= Task goal =
How many lines in the records below contain the word "family"? State that number and nothing more.

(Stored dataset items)
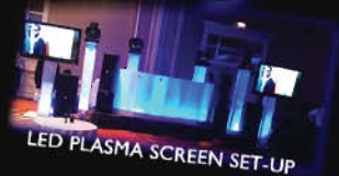
LED PLASMA SCREEN SET-UP

SPECIALIZING IN ALL OCCASIONS: WEDDINGS - INCLUDING SANGEET, MENDHI, GARBA & DANDIYA NIGHT, BARAATS, DOLI & VIDAI CORPORATE EVENTS / SWEET 16's / BIRTHDAYS / NIGHTCLUB EVENTS / BAR MITVAHS / THEME PARTIES / ANNIVERSARIES & MORE! LIVE DHOL PLAYERS / SITAR / TABLA / SINGERS / LIVE SHEHNAI / NAGASWARAM
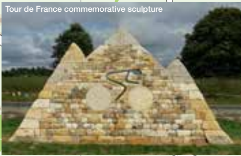
Tour de France commemorative sculpture

In 2013 a new 3 mile walking, cycling and horse riding route from Bilton to Ripley, was completed thanks largely to the re-opening of the 1848 railway viaduct over the Nidd Gorge. The whole project was a joint effort by Harrogate Borough Council, North Yorkshire County Council, local cycling groups and Sustrans, supported by The National Lottery. A little later the greenway was extended beyond Ripley along Hollybank Lane towards Clint.
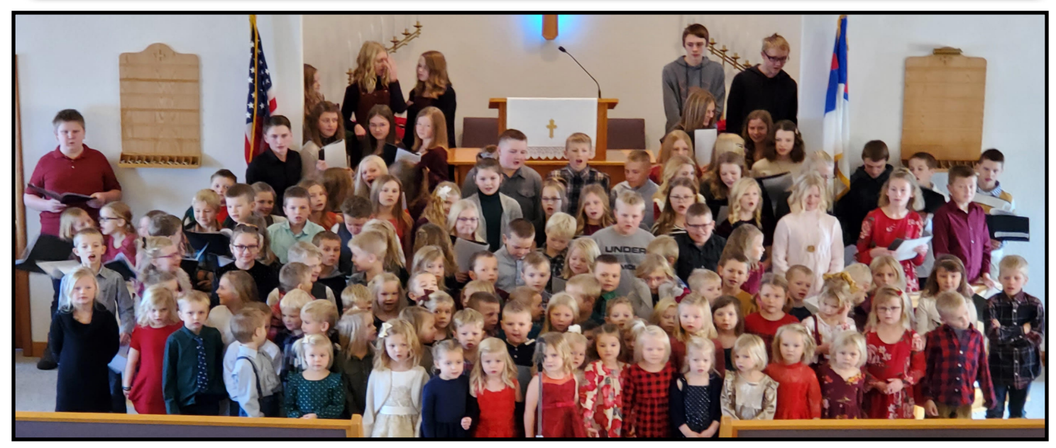
The Spruce Grove Sunday School Christmas Program was held on December 20th, 2020. Pictured below are the children in Pre-school through 9th grade singing the closing songs. There are over 125 children in Sunday School this year.
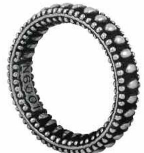
Sanzio, Lines & Dots N6001
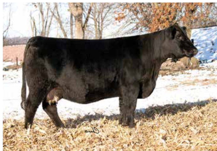
FIVE STAR SHEILA C1 - DAM OF LOT 38

OMF Geronimo G120 is a standout age advantage bull that is sired by resident herd sire at Oak Meadow Farms, B60. B60 is the Dew It Right x Finesse Y9 son that has been used with tremendous success at OMF and Diamond K. G120 is backed by the famed Elin X58 cow family that has served as a cornerstone cow family in Harmony. G120 is a calving ease prospect that charts top 15% CE, top 10% BW, top 20% Milk, top 10% Stay, top 10% Marb, and top 15% API.
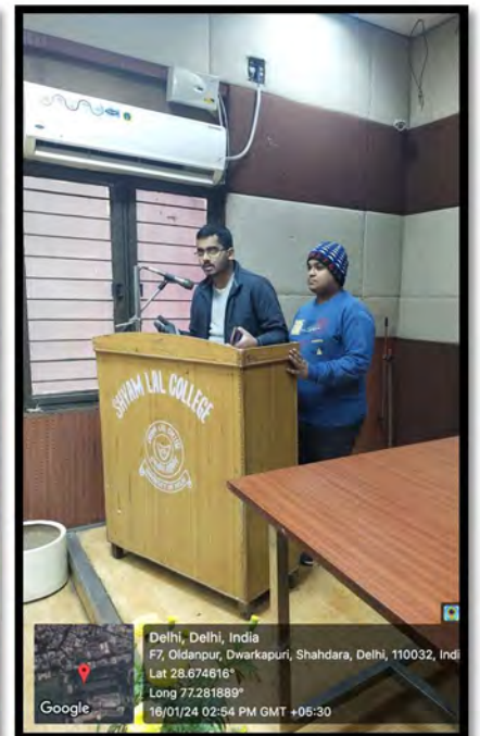
Delhi, Delhi, India F7, Oldanpur, Dwarkapuri, Shahdara, Delhi, 110032, India Lat 28.674616° Long 77.281889° 16/01/24 02:54 PM GMT +05:30
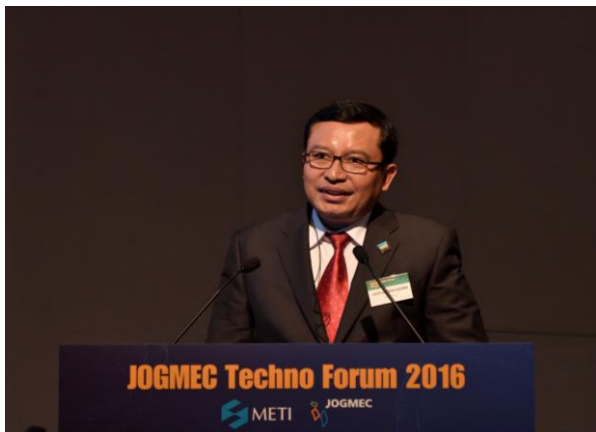
Dr. I Gusti Suarnaya Sidemen Ministry of Energy and Mineral Resources, Indonesia Way forward for oil & gas development in Indonesia (On behalf of Dr. Djoko Siswanto), Promoting Sustainable Oil and Gas Production in Indonesia: The role of CCS and CCUS
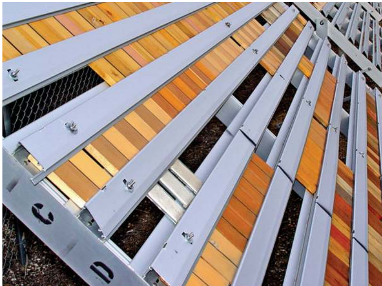
Stain Panel Exposure Racks Denver, Colorado
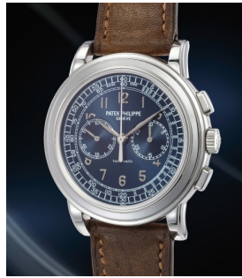
112 Patek Philippe An attractive platinum chronogr... Estimate 200,000 — 400,000 CHF
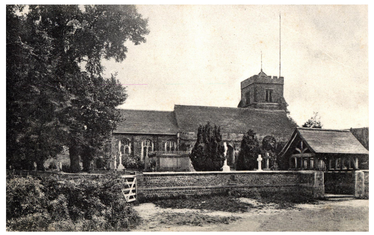
St Martin's Church Ruislip

Property records, such as these that were uniquely digitised by TheGenealogist from the originals at The National Archives, allow house and family history researchers the ability to unearth information that had been recorded by the authorities about the owners and occupiers of the homes, land, outbuildings and property at the time.
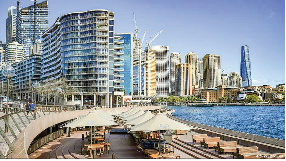
Sydney and some surrounding areas entered a hard two-week Covid-19 lockdown on Jun 26, 2021.

The findings indicate that, while there may be multifaceted
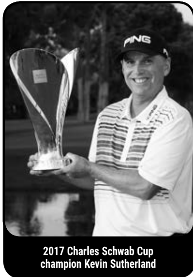
2017 Charles Schwab Cup champion Kevin Sutherland

After tying for 12th in the season finale, Langer finished second in the Charles Schwab Cup, his sixth consecutive top-two finish in the season-long competition. Though he was unable to win his fourth straight Charles Schwab Cup, he set many new records during the season – he became the second player to win three senior majors in one year, he became the Tour's all-time leader in major wins (10), he broke the single-season money record ($3,677,359), and he won his sixth straight money title. The most elusive PGA TOUR Champions record remains, however, as his 36 career victories is nine shy of Hale Irwin's record 45 wins.
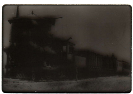
AL & S. J. TRAIN WATER TANK
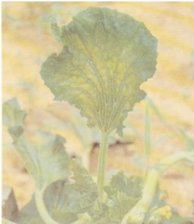
Figure 13. Malformed, mosaic-virus-infected leaf on squash.

Squash mosaic virus (SqMV) affects most cucurbits but is rarely a problem in watermelon. Initial symptoms on squash include yellow spotting of the younger leaves. Infected leaves cup upward and develop a light-to dark-green mosaic pattern. Squash leaves may
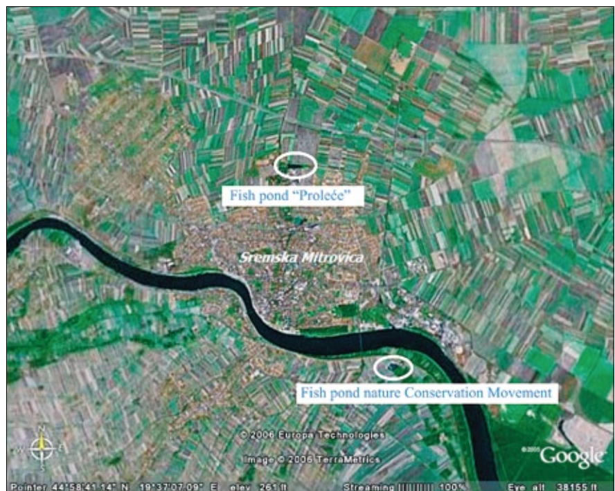
Appendix 1 Satellite picture of geographical position of Fish pond "Proleće" and Fish pond of nature Conservation Movement

Fish pond "Proleće" stretches on the west-east axis. The small pond is situated west of the large pond and its is a square in shape. The larger pond is in the east and its shape is elongated, wider in its western part, whereas its width decreases in its eastern part. The sides of the pond's basin are vertical, the shore being higher than the middle level of the pond for 80
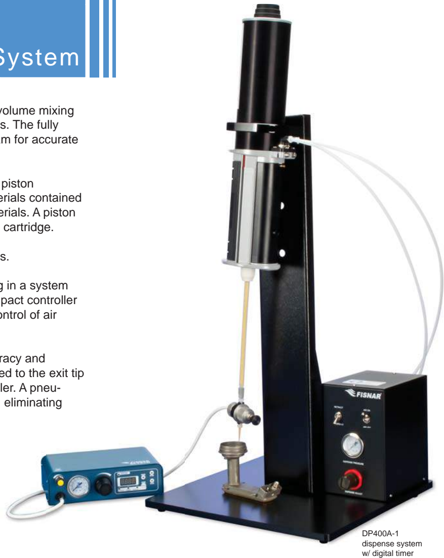
DP400A-1 dispense system w/ digital timer
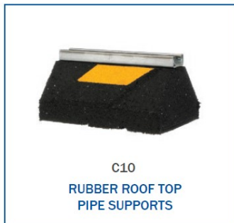
C10 RUBBER ROOF TOP PIPE SUPPORTS

MI-GARD FLOOR DRAIN TRAP SEAL Prevents odors and sewer gases from coming through drains.
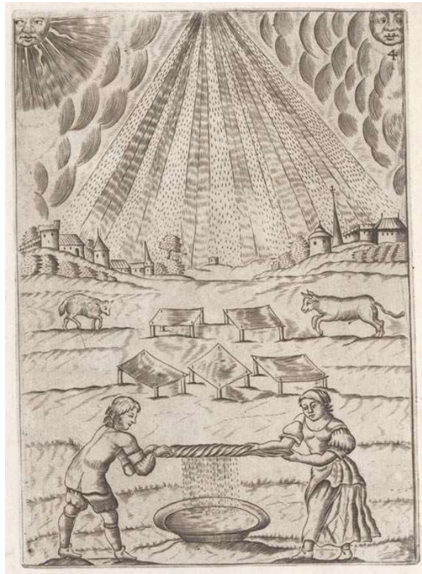
Mutus Liber, collecting dew. The ram and bull indicate that the dew should be collected during these astrological signs, Aries and Taurus, or April and May.

Gradually small plants, buds and a thousand other natural items are added to the Prima Materia . It is important to use very young plants, full of sap and dew. This mixture is left to steep slowly at a low temperature until a deposit is formed. The mixture is then gently heated in a specially prepared alembic, ensuring that the temperature never rises above 40°C. In this way, one can begin very slowly to feed the Matter, moistening, leaving to stand in the cold, then drying and so on, without breaks, for weeks, months or even years, depending on the goal in sight and the method adopted. Gradually, one chooses stronger and stronger plants.
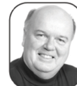
GORD GRAY Public Relations
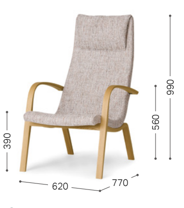
① Japanese Oak NF Linova OR/F3
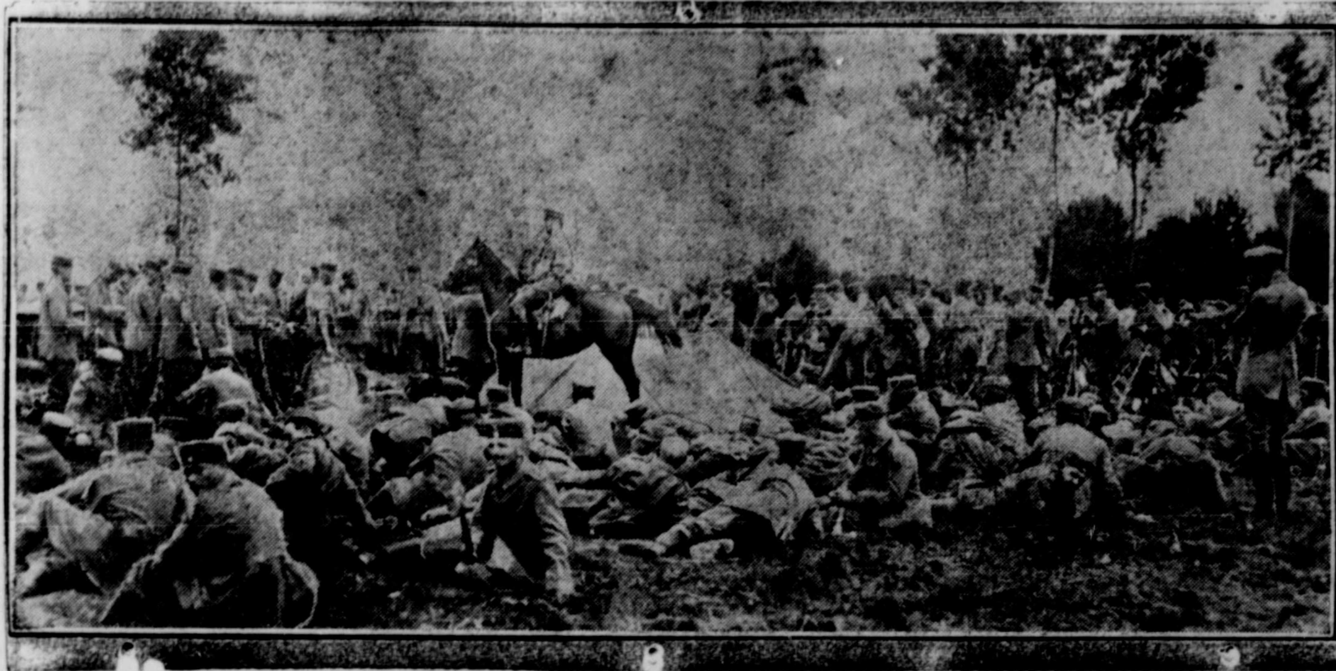
AN ACTUAL WAR PICTURE FROM THE FRONT. The German bivouac after the battle of Vise.

= Output for this exercise =
2